Data modeling of organization Data

Hey Everyone. I am building my first production project that is going to use Neo4j.
I am trying to model the organization Data.
Things I care about are:

  1. noticing a change in the data... For example, the employee performance score, or marital status changes over time. in order to query changes over time in the employee status (in many types of parameters).
  2. the ability to compare one employee to another. e.g check the number of vacation days of all the employees in the company and finding the average and standard deviation of the number of vacation days the employees take in a year.
  3. the obvious graph of the general employment tree of who manages who, and who belongs to what department in the company, etc..
    I save on each employee over 100 parameters... (which will probably get pretty fast to 500 parameters on each employee.

So Basically my questions are

  1. how can I decide which of them to save on an EmployeeState node and what to create a new label for?
  2. what are the best practices to save changes so I can query the deltas over a specific period of time? (the startAt, endAt saving on the edge? Using treeTime? saving for each type of node a relation from type USED_TO_BE to another node of the same label?)
  3. What is the best way to support 100-500 different parameters connected to a single entity?

I would store an Employee node with the current parameters and store all changes in EmployeeChange nodes with relation to the Employee node. This "change" node can have the changed properties and a DateTime.

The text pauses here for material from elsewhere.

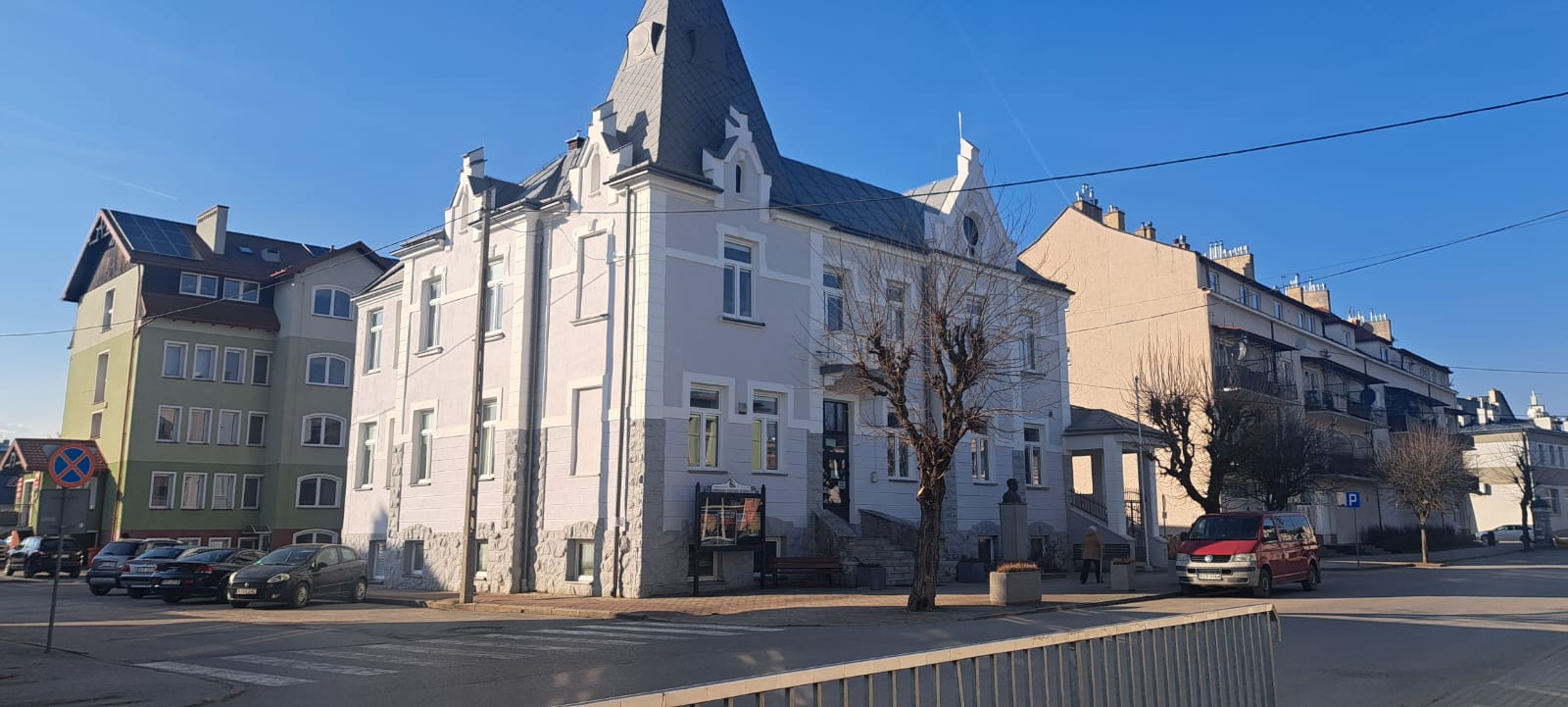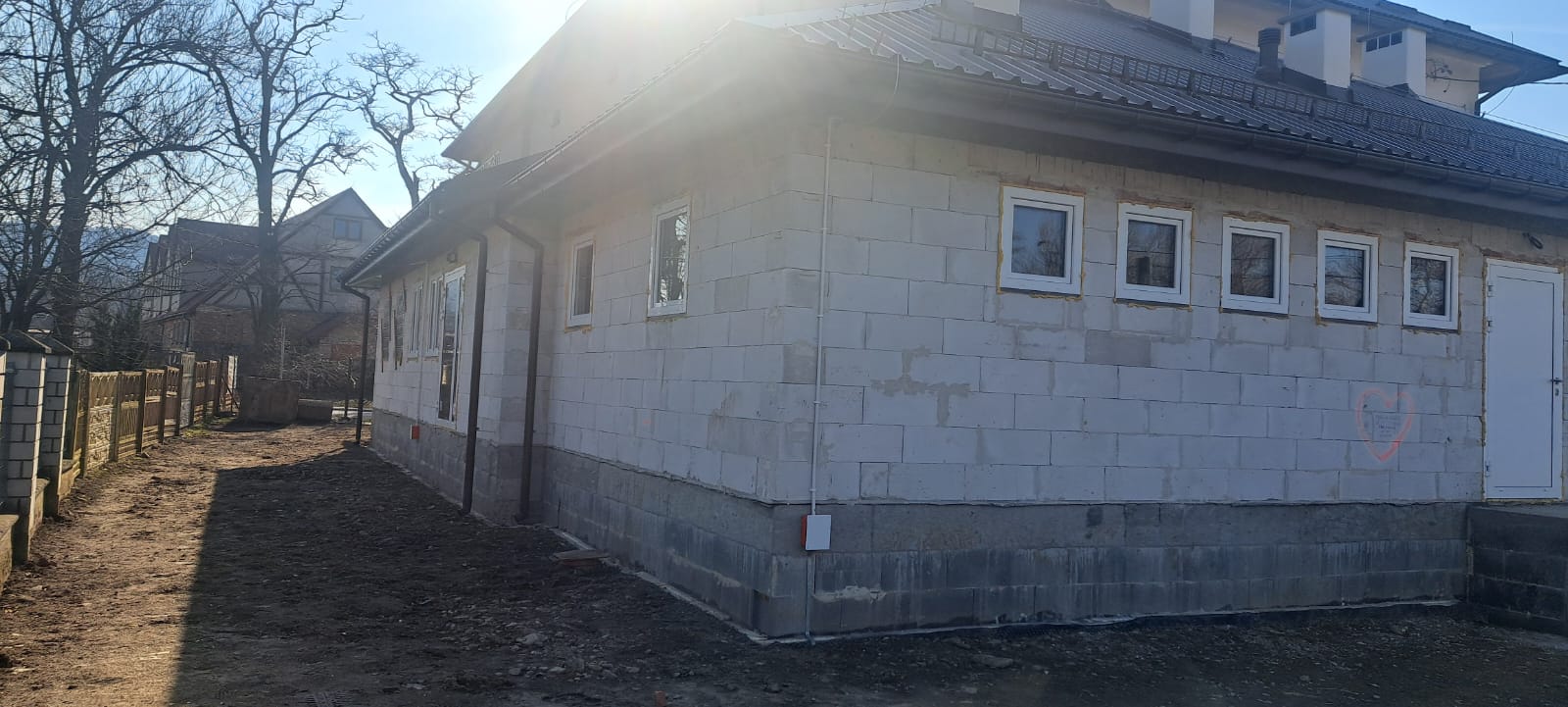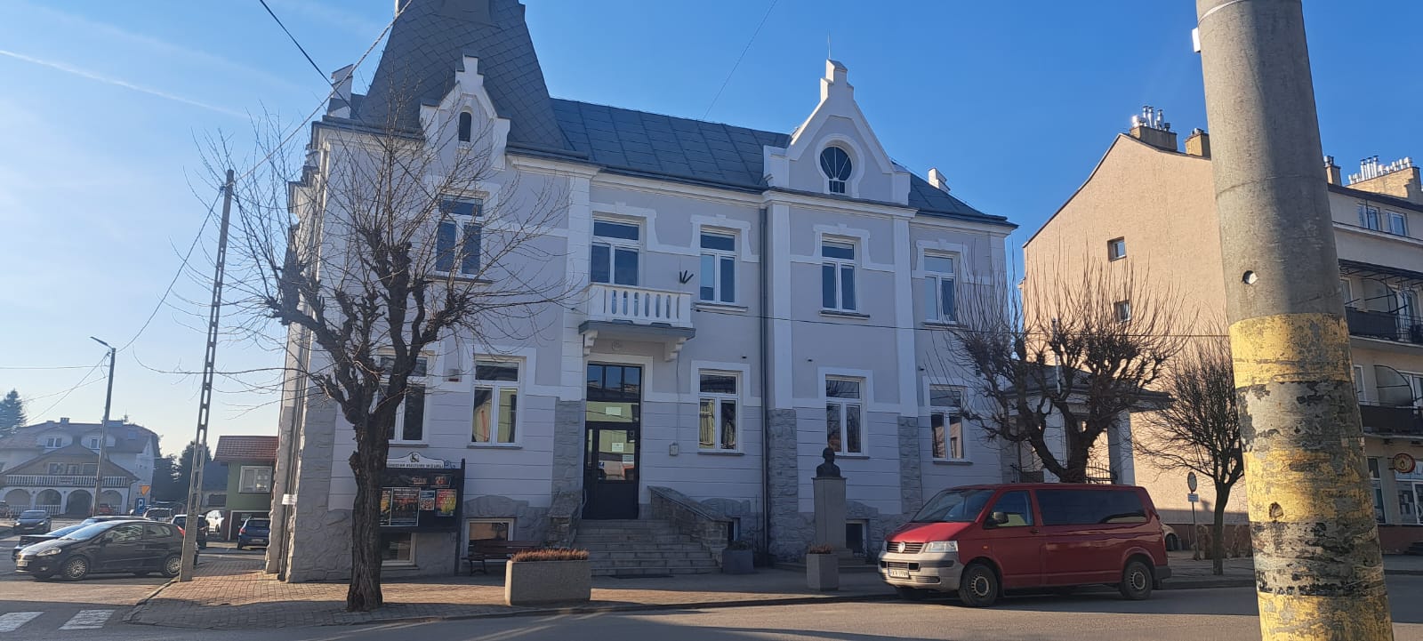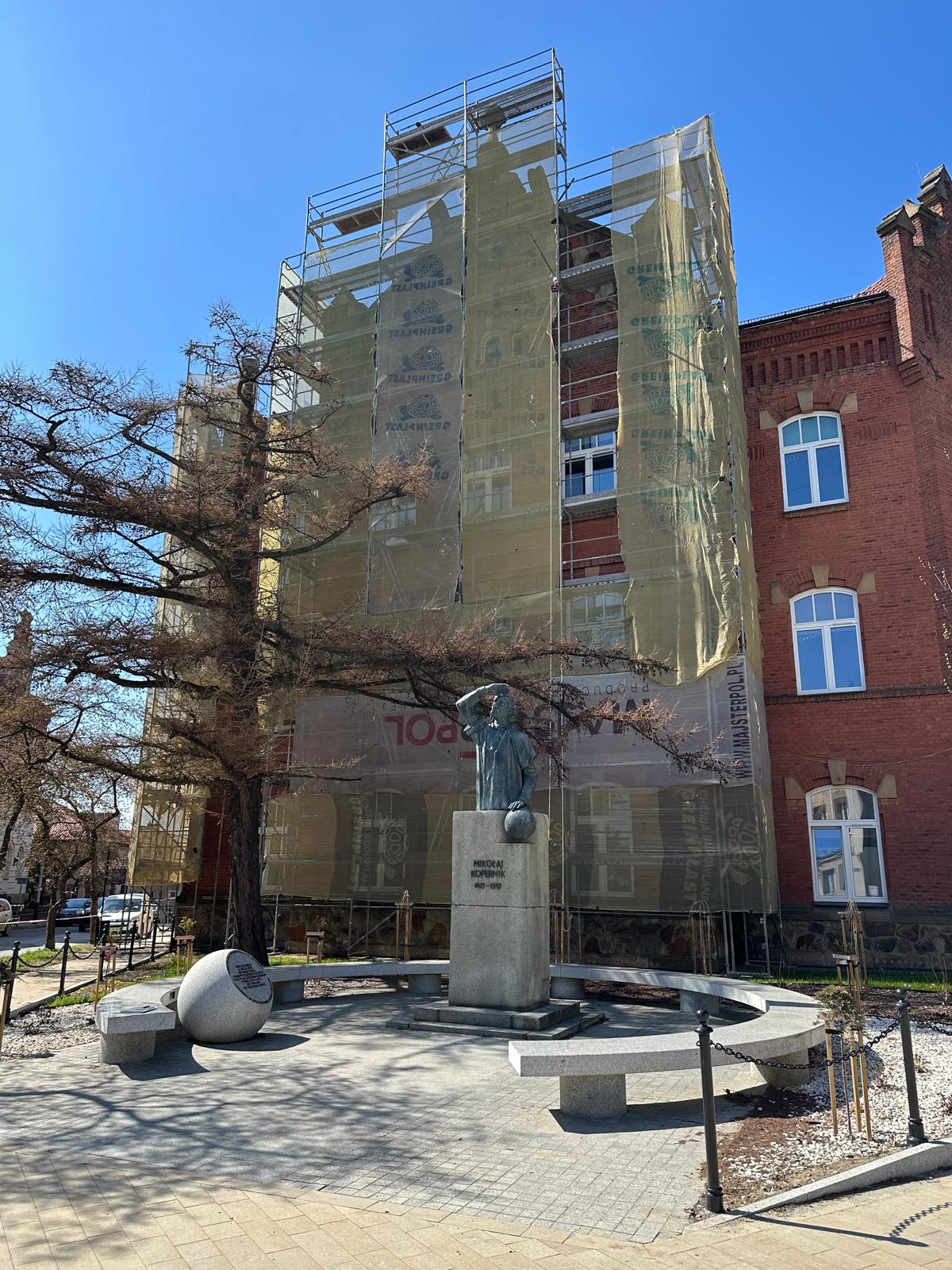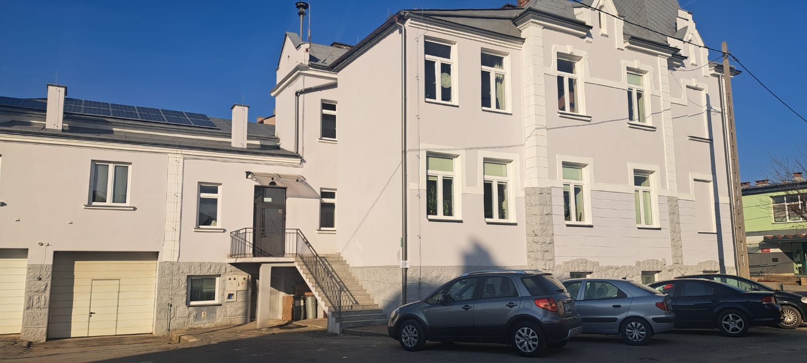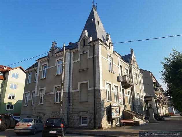 i uzupełnienie tynków elewacji, oczyszczenie i malowanie stolarki, wykonanie nowych schodów zewnętrznych z okładziną kamienną i balustradami, wykonanie instalacji oświetleniowej z lampami parkowymi i oświetleniem podcienia, utwardzenie obejścia i dojazdu, uporządkowanie otoczenia, wykonanie nowych nasadzeń i trawników, montaż ławek, koszy i elementów małej architektury.

It would create very dense nodes though, hence the change nodes could benefit from also having a property with the employee id, and a composite index with DateTime and id, so you can do a range query for changes over a specific time period. Range queries with composite indexes are supported in Neo4j 4.0.

1 Like

Thanks for your answer Thomas,
Is using DateTime as a property in the EmployeeChange/EmployeeState node has a benefit over saving a ValidFrom/ValidTo properties on the HAS_STATE edge { (:Employee)-[:HAS_STATE]->(:EmployeeChange)

Yes! As properties on edges (relationships) cannot be indexed. If they are indexed on the node instead, you can do indexed range queries :)

Hi @shahar, have you implemented EmployeeChange and if you can please share your experiences.